Jon Pearce, The University of Melbourne

Abstract of PhD Thesis, 2004

This thesis combines ideas from human-computer interaction, education and psychology to explore the interactions of students in an online learning environment. The motivation for the work was to understand better how to engage students in a highly enjoyable experience of online learning.

The thesis describes three experiments. The first was an exploratory investigation of students interacting with an online sequence of activities presenting ideas in physics. The 109 participants spent about half-an-hour exploring set exercises that provided instructional text together with an interactive simulation. They were able to switch freely between interactive and non-interactive versions of the material.
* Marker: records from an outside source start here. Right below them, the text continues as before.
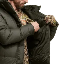 This is the warmest puffer jacket we make, built to be light and packable for the ounce-counting big-game hunter on their coldest hunts. Made with 800-fill PrimaLoft® Gold down blend, the insulation resists clumping in wet conditions maintaining warmth when you need it most. A 27D ripstop face fabric makes the HyperDown Jacket as tough as the conditions it is worn in, and it is cut to fit over your other layers and optics harness for rapid deployment.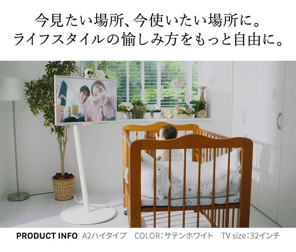 キャスター付きで見たい場所、使いたい場所に動かすことができます。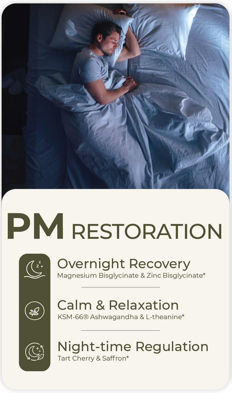 Each phase is formulated around specific physiological priorities—daytime performance and nighttime restoration—using bioavailable forms and clinically studied compounds.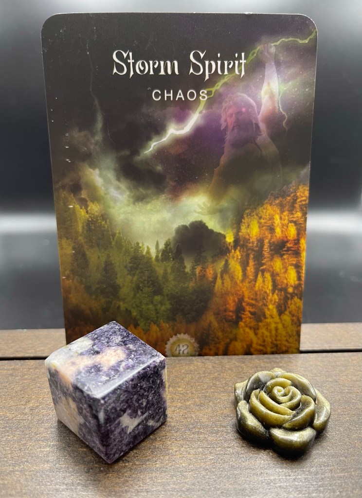 Storm Spirit comes in with the message that chaos and upheaval are not necessarily negative. There are times when the status quo needs to be shaken up, perhaps a change needs to happen and you have been resisting. Storms shake off the dead wood, bring the ground needed water and nitrogen atoms. All things that are needed in order to bring in new growth.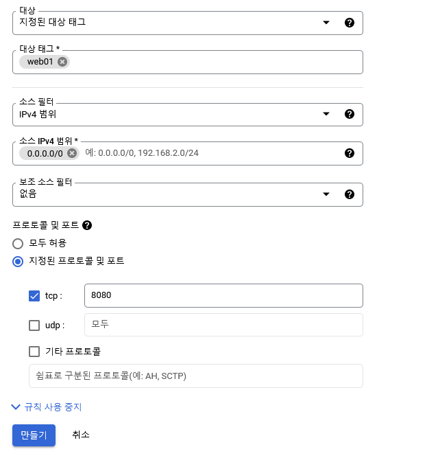 대상 - [지정된 대상 태그]를 선택한 뒤, 대상 태그 - web01로 한다.(* web01 인스턴스를 지칭하는 게 아님)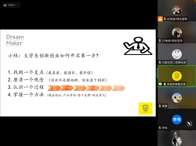 他讲到,在当今的科教兴国、人才强国、创新驱动发展的战略背景下,青年人应当如习近平总书记所强调:“开辟发展新领域新赛道,不断塑造发展新动能新优势。”他还向大家介绍了目前我国创新创业的相关政策以及各类创新创业大赛,如“挑战杯”中国大学生创业计划竞赛、“互联网+”大学生创业创新大赛以及西南大学 “含弘杯”大学生创业计划竞赛等。同学们在线上积极与罗老师互动,氛围融洽,创新创业意识不断增强。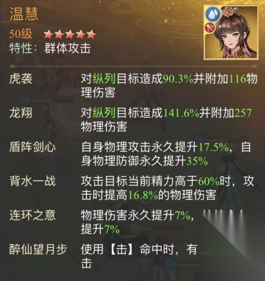 5、温慧 温慧放9号位,温慧普攻“虎袭”对纵列目标造成伤害,攻击命中时,可触发被动“醉仙望月步”有21%概率造成连击,打高分重要伙伴之一,需要普攻多连击,但因敌方李忆如的存在,对面阵容的武林人士生存率较高,因此想要有效提高总伤害,那就要让绝技“龙翔”可以打到右侧一列武林人士身上。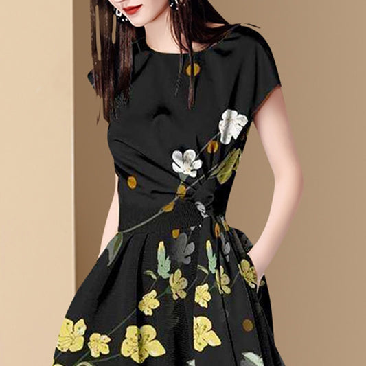 2021 Summer Runway French Short Sleeve Women's O Neck Slim Multicolor Floral Print Vintage Elegant Knee Lenght Casual Dresses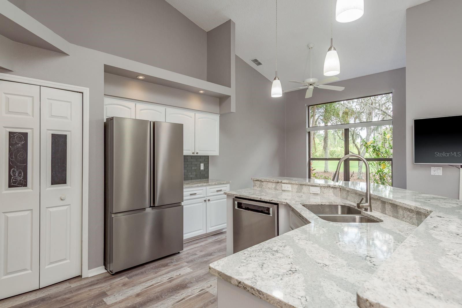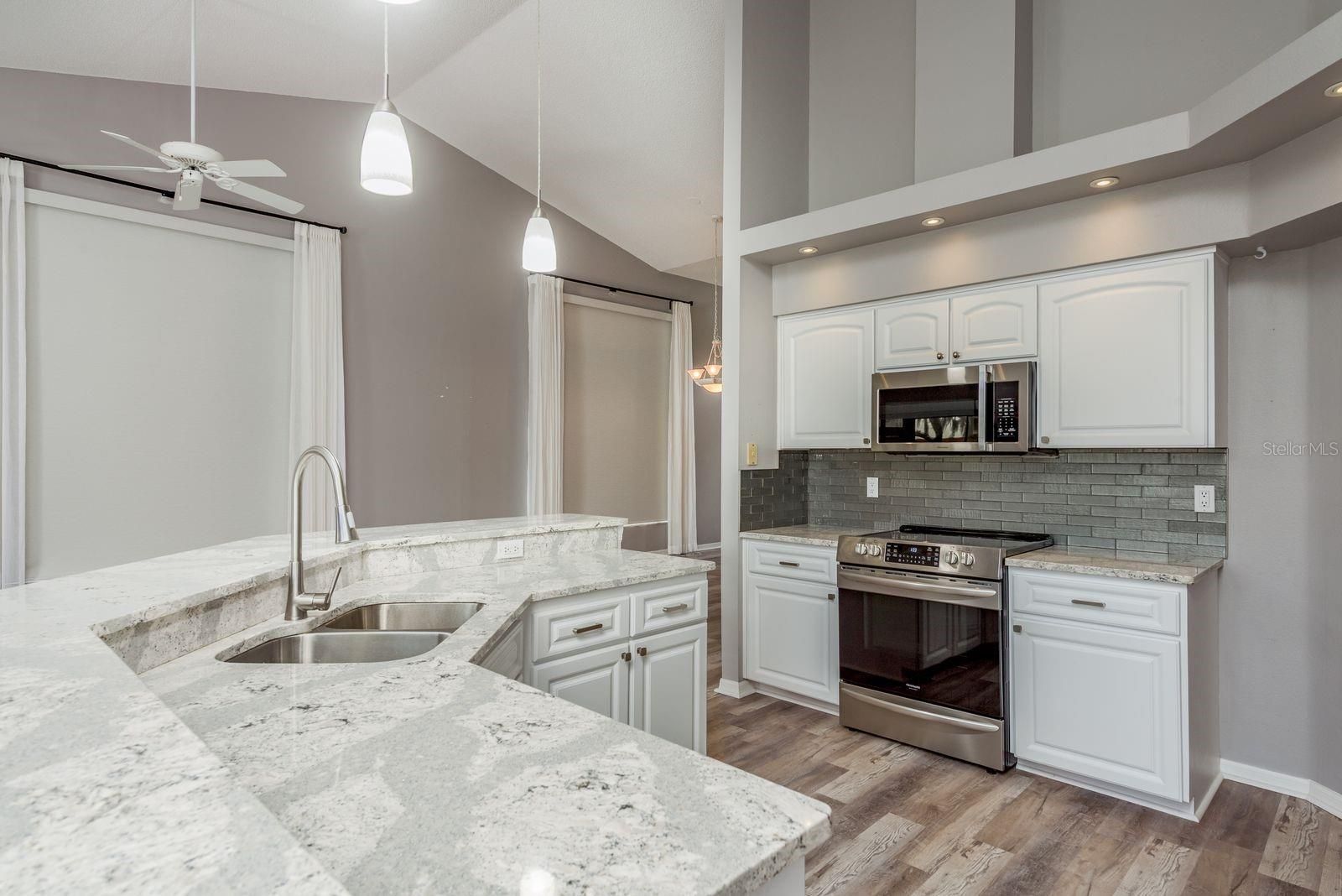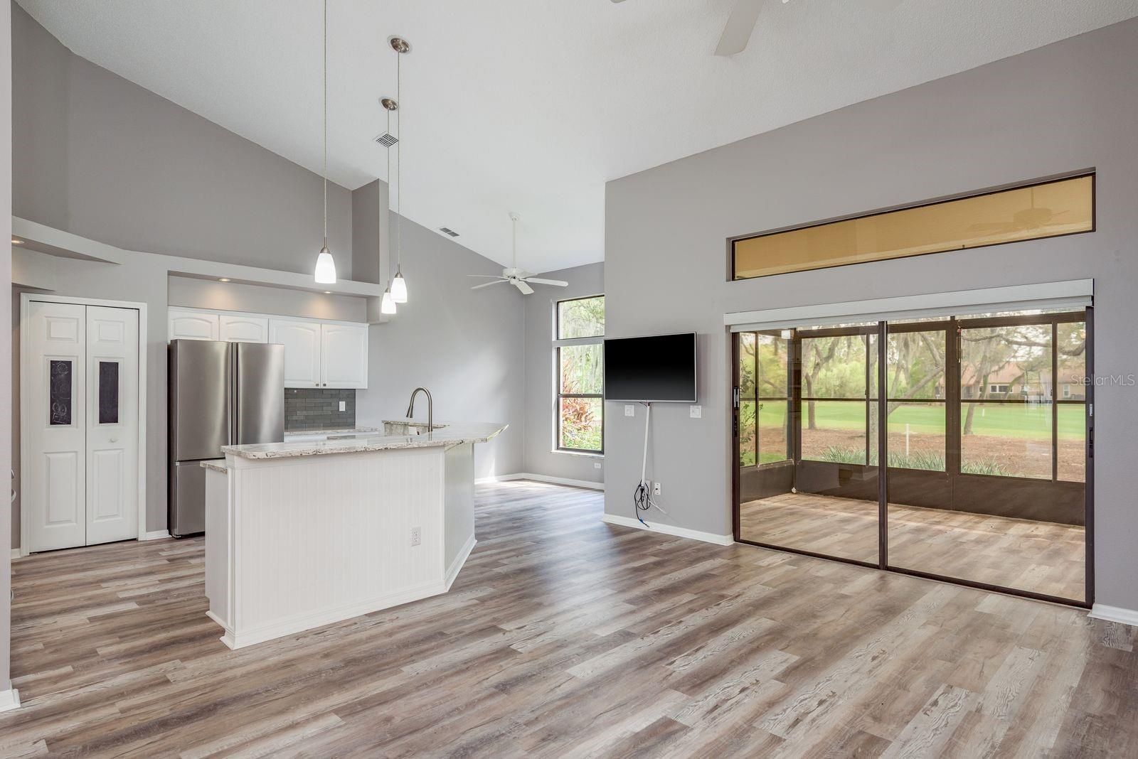 - Cathedral Ceiling(s), Ceiling Fan(s), Eat-in Kitchen, High Ceilings, Kitchen/Family Room Combo, Living/Dining Room, Open Floorplan, Solid-Wood Cabinets, Split Bedrooms, Stone Counters

Various measures were recorded before, during and after the session: students’ understanding of physics, their emotions and their learning aims. Students’ detailed interactions with the learning materials were monitored. This experiment informed our understanding of how students interacted with this type of learning environment and how their emotions changed during these interactions. Several issues were identified as important to consider in a follow-up study: emotions, affect, challenge, and the degree of control that the learner perceives.
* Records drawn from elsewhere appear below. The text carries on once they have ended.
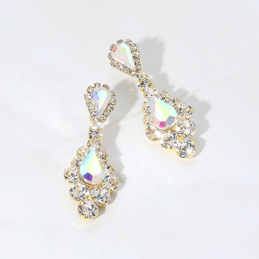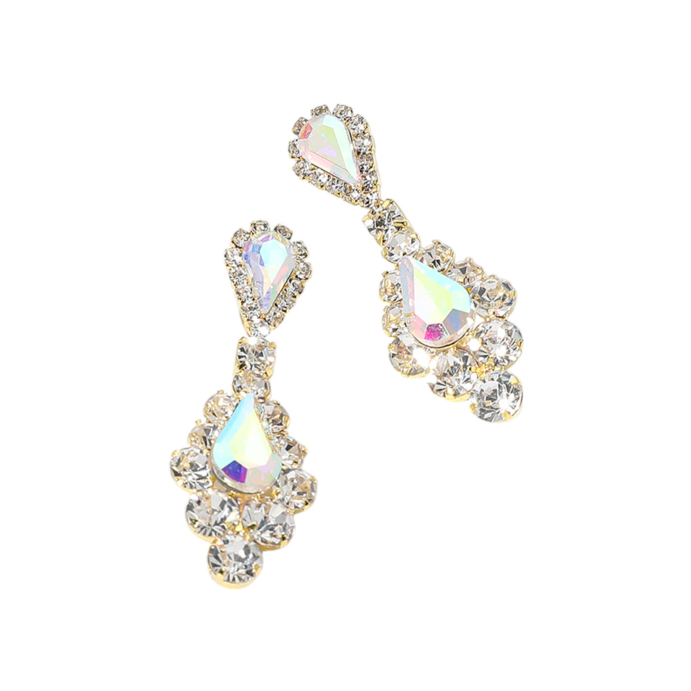 Teardrop Stone Cluster Dangle Evening Earrings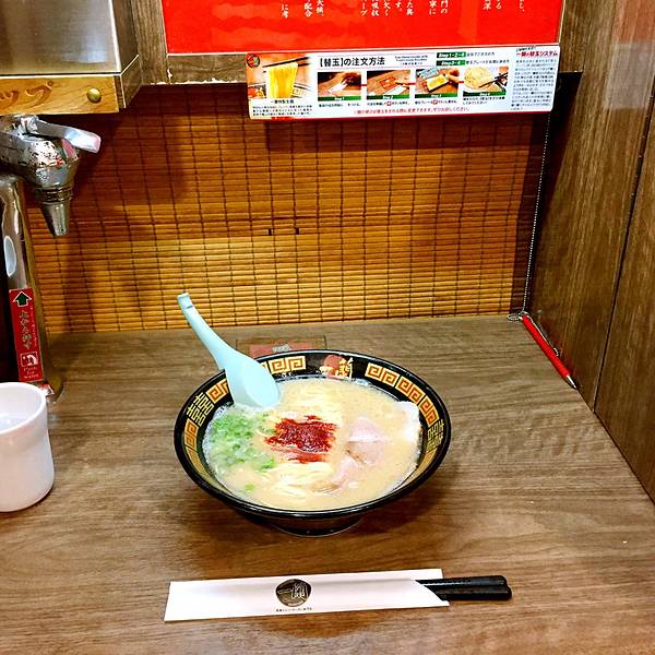 浓厚的汤底和独特的个室座位吸引了很多的食客。一蘭拉面的故乡是博多,博多拉面有个特点是细面,所以点餐的时候可以选择硬一点的面才会比较好吃。点餐前会给一张调查表给你填,细致到辣椒的辣度、面的硬度、葱的大小…
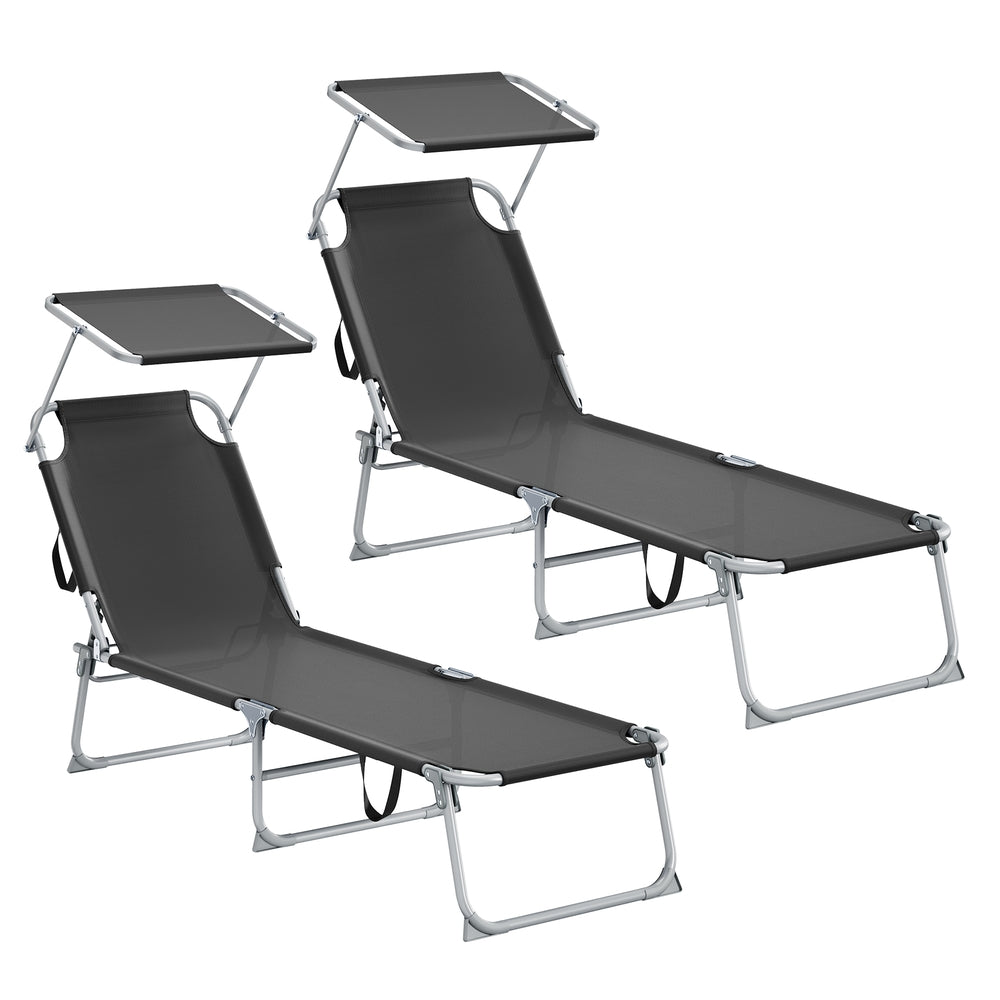 Juego de 2 Tumbonas plegables 189 x 53 x 28,5 cm con parasol y respaldo ajustable Negro

The second experiment explored these issues using flow theory as a theoretical underpinning. Traditional flow measurement techniques were used to examine how consistently they described the behaviour and experiences of students. A cohort of fifty-nine undergraduate students explored a new online learning exercise. They were split into two groups and given different degrees of control over their environment. Again their interactivity was monitored, as well as their learning outcomes and measures of flow. A method of visualisation was developed to monitor the process of students moving in and out of flow as they engaged with the tasks. Patterns of flow and learning were identified, but the measurement techniques provided an inconsistent picture of flow.
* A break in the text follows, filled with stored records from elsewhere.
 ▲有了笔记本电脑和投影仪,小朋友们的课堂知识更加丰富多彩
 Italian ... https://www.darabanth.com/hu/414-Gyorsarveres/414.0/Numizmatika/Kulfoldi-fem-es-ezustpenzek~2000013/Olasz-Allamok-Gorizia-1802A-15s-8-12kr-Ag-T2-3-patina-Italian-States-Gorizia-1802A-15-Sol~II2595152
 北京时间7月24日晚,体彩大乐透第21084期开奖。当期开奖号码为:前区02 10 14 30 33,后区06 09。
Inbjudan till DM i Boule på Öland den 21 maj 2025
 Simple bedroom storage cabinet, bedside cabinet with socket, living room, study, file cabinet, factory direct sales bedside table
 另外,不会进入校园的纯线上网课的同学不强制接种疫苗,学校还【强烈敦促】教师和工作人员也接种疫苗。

The third experiment used similar software to probe more deeply the flow experiences of students. Eight students partook in this qualitative study in which they completed a modified online exercise and responded to interview questions that aimed to enrich our understanding of the flow process. Analysis of this final experiment showed that flow is a process associated with either the software simulation with which students interact, or the learning tasks in which students are engaged. Recognition of this was crucial to understanding students’ flow behaviour. It not only helped to explain why the earlier flow measurement techniques were lacking, but also sounded a warning that flow has the potential to hinder learning as well as to support it.

This research has confirmed a link between flow and learning and produced a challenge for software designers and instructional designers to find ways to direct students’ focus away from an engaging software simulation towards the learning task at hand.